Tell 'em what you think.


----------



## jimmyd0g

A new tab saying 'feedback' has started appearing on my MHF pages in the last half hour. It doesn't appear on any other website that I open. Anybody else getting the tab? More importantly, how do I get rid of the tab please?


----------



## peribro

Bring back the mods - that's what I say. There have been no decent rucks since they went.


----------



## KeithChesterfield

Gets your message straight to the top. No messing. 
Tell 'em what you think.

But who are 'They'?

Someone rang me up today about financial services, a cold call, and after hearing my opinion they finished up telling me to 'p*ss off'.

I wouldn't like to offend anyone else today if I can help it!


----------



## blondel

has anyone tried it?


----------



## DTPCHEMICALS

Its anoying.
An invasion of privacy.
Looks like some organisation is e mail address colecting.
I have filled it in, false e mail but t has not got rid of the blasted thing.

Dave p


----------



## GEMMY

My title NOT GOOD ENOUGH HEH!!!!!!!!!!!!!!!!!!!!!!!!!! :twisted: :twisted: 

tony


----------



## cronkle

Aw!! A parallel MHF universe. There's another thread called 'What's this' that says that it doesn't exist when you open it. If you go in through the last post it's really this thread. 

Spooky 8O

Isn't feedback another word for vomit?


----------



## DTPCHEMICALS

Ivè got rid of it.


Tippex. :lol:
Dave p


----------



## BwB

ADblock makes it go away


----------



## vicdicdoc

After just filling the new "feedback" tab with some false info . . I then find its a new bit of MHF 8O


----------



## ched999uk

The main problem with it is that if you open a thread and want to go to a specific page the new yellow feedback tab is in the way. It's probably just me using Firefox 7.0 and the toolbars I have open. But to me it's too annoying especially as even paid members have it on their screens.

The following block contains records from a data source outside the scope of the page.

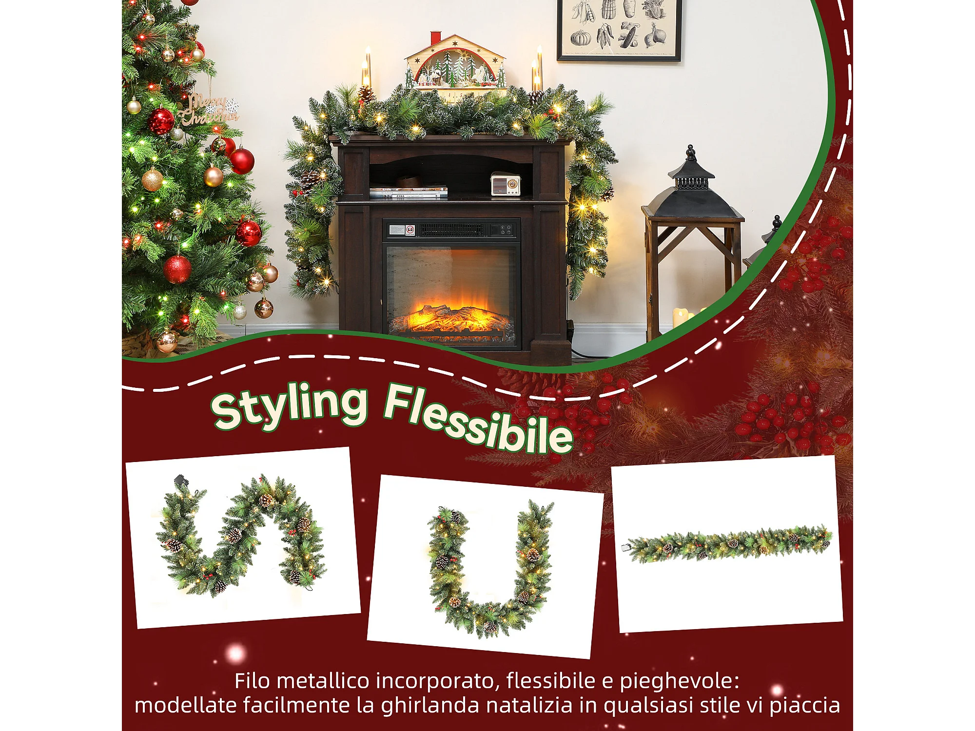 Ghirlanda natalizia Ø25x180 cm con 50 luci led, bacche e pigne
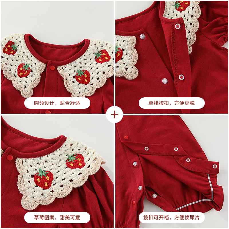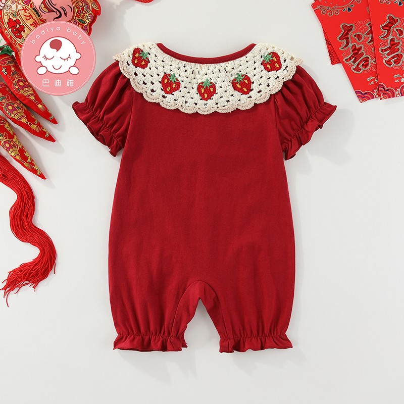 新生婴儿衣服夏季薄款连体哈衣红色满月百天包屁衣女宝宝周岁礼服
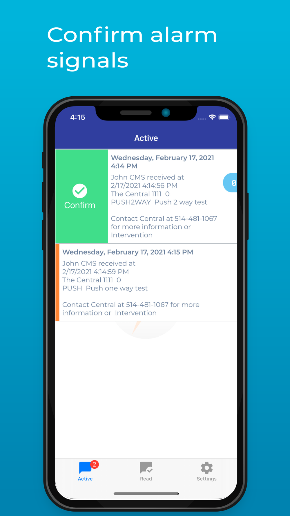 Verificathor receives notifications from your Alarm Receiving Center. You can confirm or cancel these alarm signals.
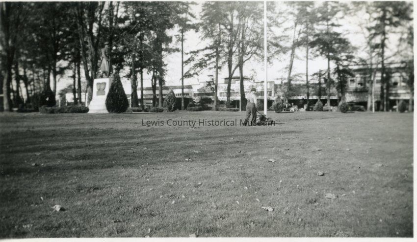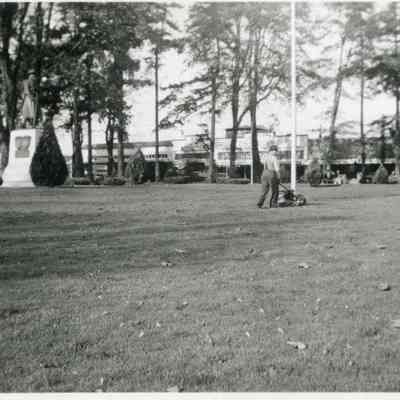 Mr. Merrick, caretaker, mowing the lawn in City Park Oct. 28, 1939, Centralia, WA.
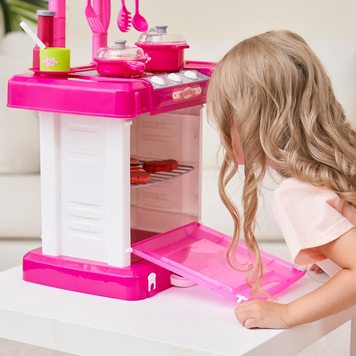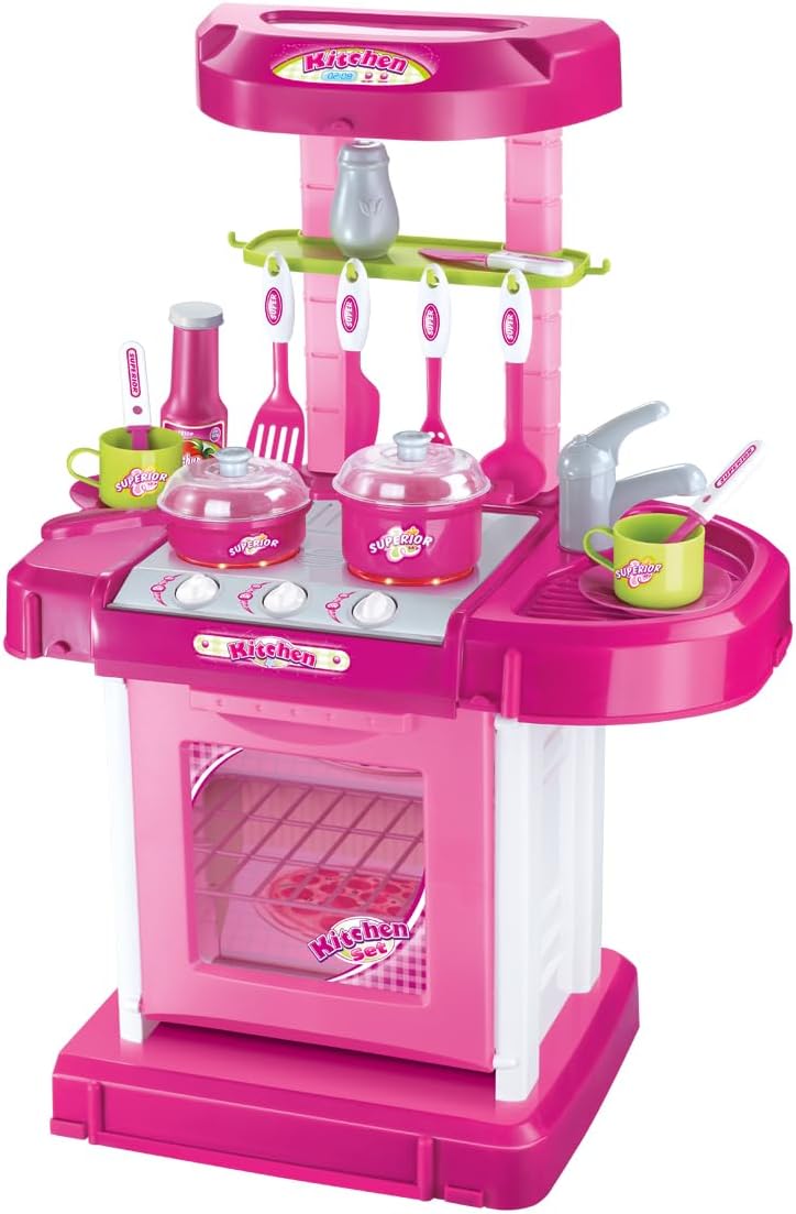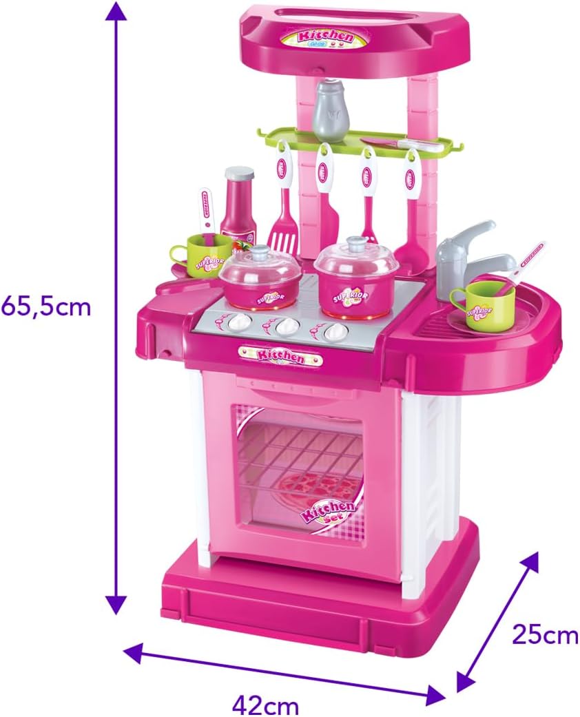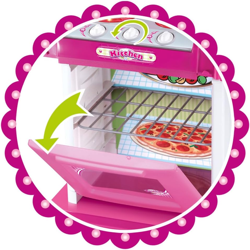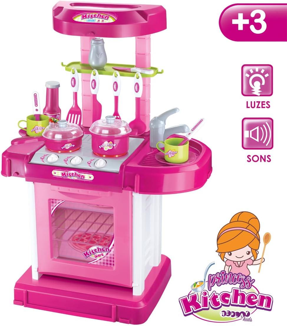 Possui efeito de Som e Luzes – Cozinha Completa com Pia, Fogão e Forno oferecendo uma infinidade de possibilidades para a imaginação das crianças – Necessário 3 pilhas “AA” (não inclusas).

Good idea but maybe not the best implementation.


----------



## nukeadmin

lol its not spam, its not owned by anyone else its just an easy way for me to collate ideas and feedback from you the members

I will be tweaking it over the next week or so so bear with me


----------



## DTPCHEMICALS

Nuke just ignore the feedback from

[email protected]

I own up it was me.

Dave p


----------



## ched999uk

The left hand side would be better. On the right it obscures the links to the last post on a thread and some of the other links.
Left hand side has less links. Although I think that putting on either side needs more margin for it to fit and not obscure anything.

Good idea though. Keep up the testing. Thanks.


----------



## vicdicdoc

DTPCHEMICALS said:


> Nuke just ignore the feedback from
> [email protected]
> I own up it was me.
> Dave p


  the one from bilbo baggins was from me 

- Neat Idea - its just in the wrong place half way down the screen page - be better if it as at the top out of the way of reading posts !


----------



## joedenise

Absolutely hate it. Can't it be set up so we can turn it off? Find it really annoying.

Denise & Joe


----------



## cronkle

vicdicdoc said:


> DTPCHEMICALS said:
> 
> 
> 
> Nuke just ignore the feedback from
> [email protected]
> I own up it was me.
> Dave p
> 
> 
> 
> the one from bilbo baggins was from me
> 
> - Neat Idea - its just in the wrong place half way down the screen page - be better if it as at the top out of the way of reading posts !
Click to expand...

Have to agree.

I wanted the train set for Christmas - that's a no then?


----------



## Penquin

Since it has been introduced "officially" presumably there is some way to turn it off individually?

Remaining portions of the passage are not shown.